→ **Task item**: In your copy, repeat the records exactly and leave out the pictures.

#### Records for this exercise ####

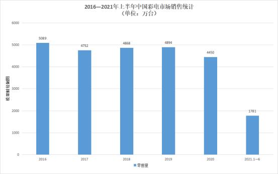 根据奥维云网数据显示,2021年上半年,中国彩电市场累计销量1781万台,同比下降14.7%;销额虽同比增长15.1%,达到594亿元,但彩电零售均价涨幅一度接近50%,直接导致市场销量自3月起,连续4个月出现11%-34%的大幅度下滑。
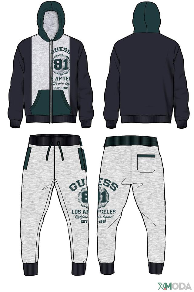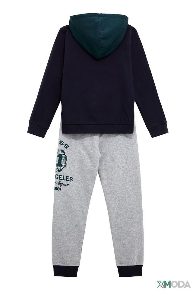 Этот комплект от Guess – отличный выбор для активных мальчиков. Он состоит из худи и брюк, выполненных в сочетании синего и серого цветов.
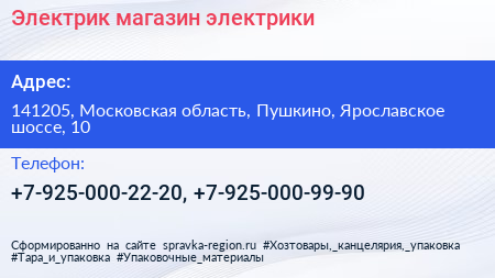 Электрик, магазин электрики по адресу 141205, Московская область, Пушкино, Ярославское шоссе, 10 в дальнейшем Организация, размещена в следующих категориях:
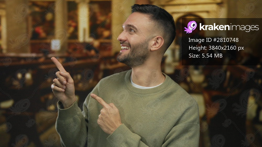 Young man smiling and pointing indoors in a church setting conveying faith and positive emotion through a serene and contemplative atmosphere.
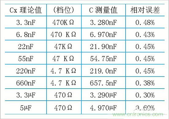 設計的電容測試儀硬件采用555定時器作為信號采集模塊、AT89S51單片機作為信號處理器模塊,軟件采用Keil4.0為仿真平臺,使用C語言編程編寫了運行程序。其具有性能穩(wěn)定、精度高、操作簡單、功耗低等優(yōu)點。經(jīng)測試表明:其可以測試1.0nF-10.0uF范圍的電容,誤差小于0.5%。誤差產(chǎn)生主要原因與電路元件參數(shù)、測試環(huán)境、測試方法等因素有關。
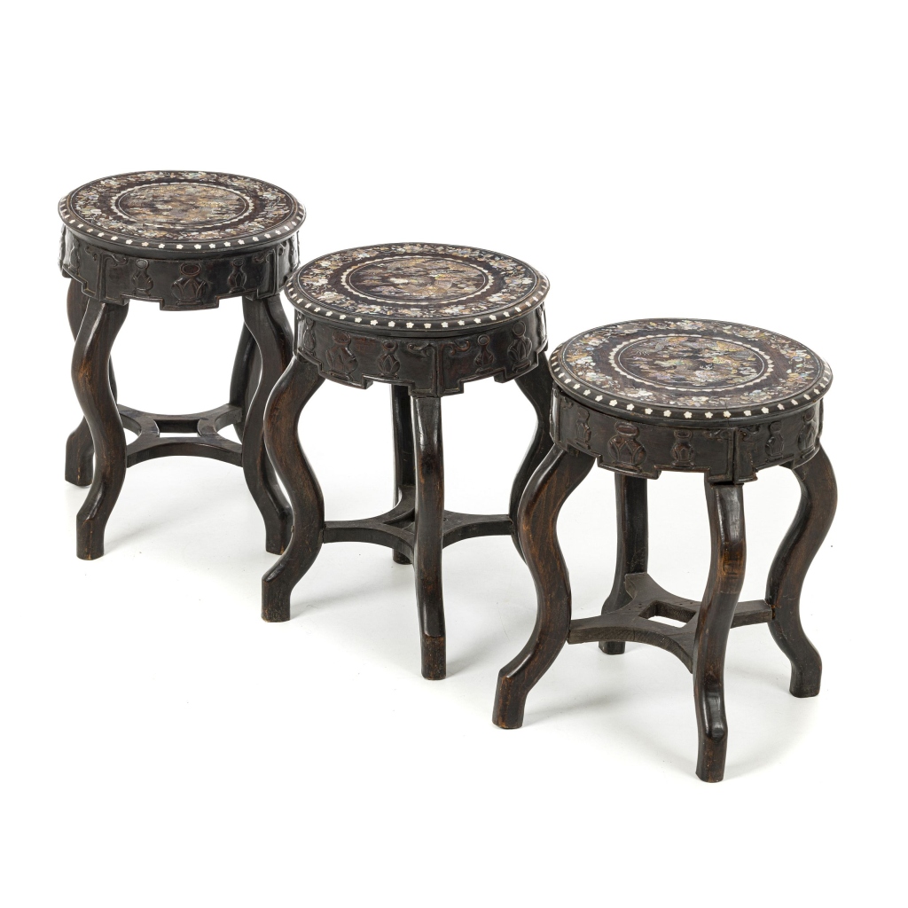 China, Guangxu, em tamarindo com embutidos em madrepérola, reservas com dragões e flores. Sinais de uso. Dim.:46x40cm.
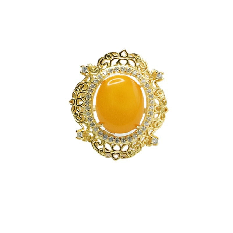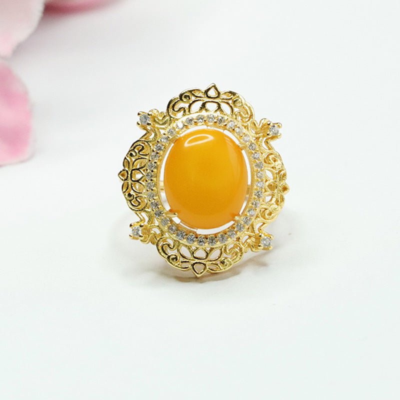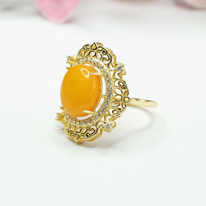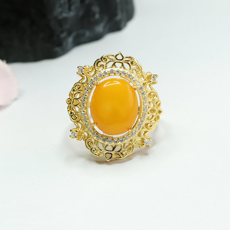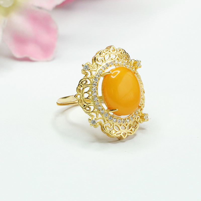 Sterling Silver Beeswax Amber Ring with Adjustable Hollow Palace Style - Retro Fortune's Favor Collection
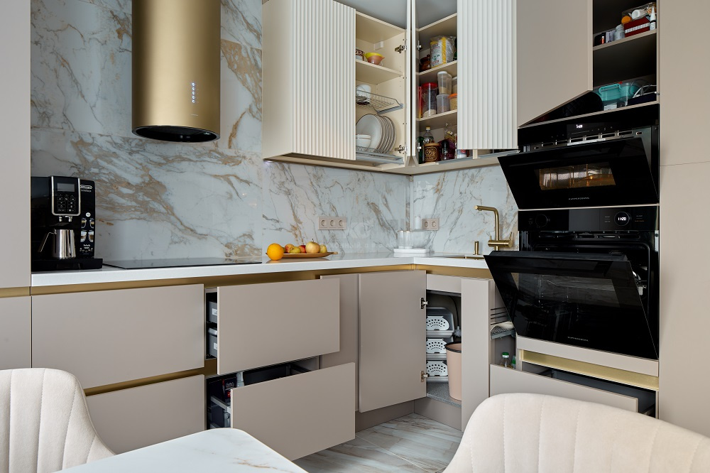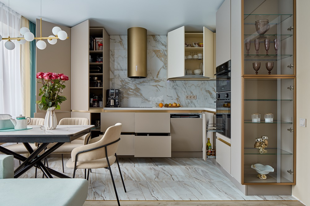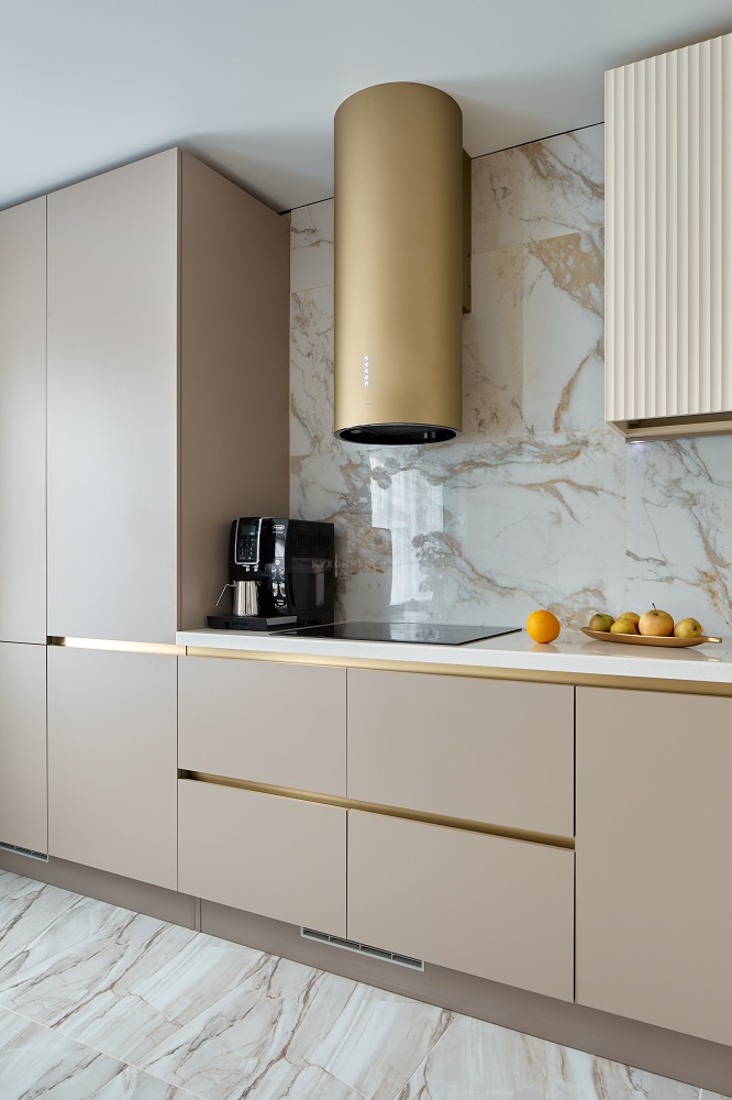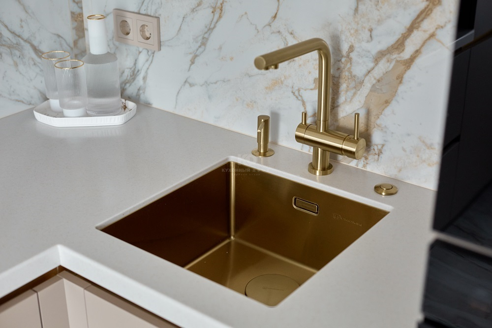 Роскошная песочная кухня с мраморно-золотыми акцентами

####

→ **Solution to the problem**:
 根据奥维云网数据显示,2021年上半年,中国彩电市场累计销量1781万台,同比下降14.7%;销额虽同比增长15.1%,达到594亿元,但彩电零售均价涨幅一度接近50%,直接导致市场销量自3月起,连续4个月出现11%-34%的大幅度下滑。
 Этот комплект от Guess – отличный выбор для активных мальчиков. Он состоит из худи и брюк, выполненных в сочетании синего и серого цветов.
 Электрик, магазин электрики по адресу 141205, Московская область, Пушкино, Ярославское шоссе, 10 в дальнейшем Организация, размещена в следующих категориях:
 Young man smiling and pointing indoors in a church setting conveying faith and positive emotion through a serene and contemplative atmosphere.
 設計的電容測試儀硬件采用555定時器作為信號采集模塊、AT89S51單片機作為信號處理器模塊,軟件采用Keil4.0為仿真平臺,使用C語言編程編寫了運行程序。其具有性能穩(wěn)定、精度高、操作簡單、功耗低等優(yōu)點。經(jīng)測試表明:其可以測試1.0nF-10.0uF范圍的電容,誤差小于0.5%。誤差產(chǎn)生主要原因與電路元件參數(shù)、測試環(huán)境、測試方法等因素有關。
 China, Guangxu, em tamarindo com embutidos em madrepérola, reservas com dragões e flores. Sinais de uso. Dim.:46x40cm.
 Sterling Silver Beeswax Amber Ring with Adjustable Hollow Palace Style - Retro Fortune's Favor Collection
 Роскошная песочная кухня с мраморно-золотыми акцентами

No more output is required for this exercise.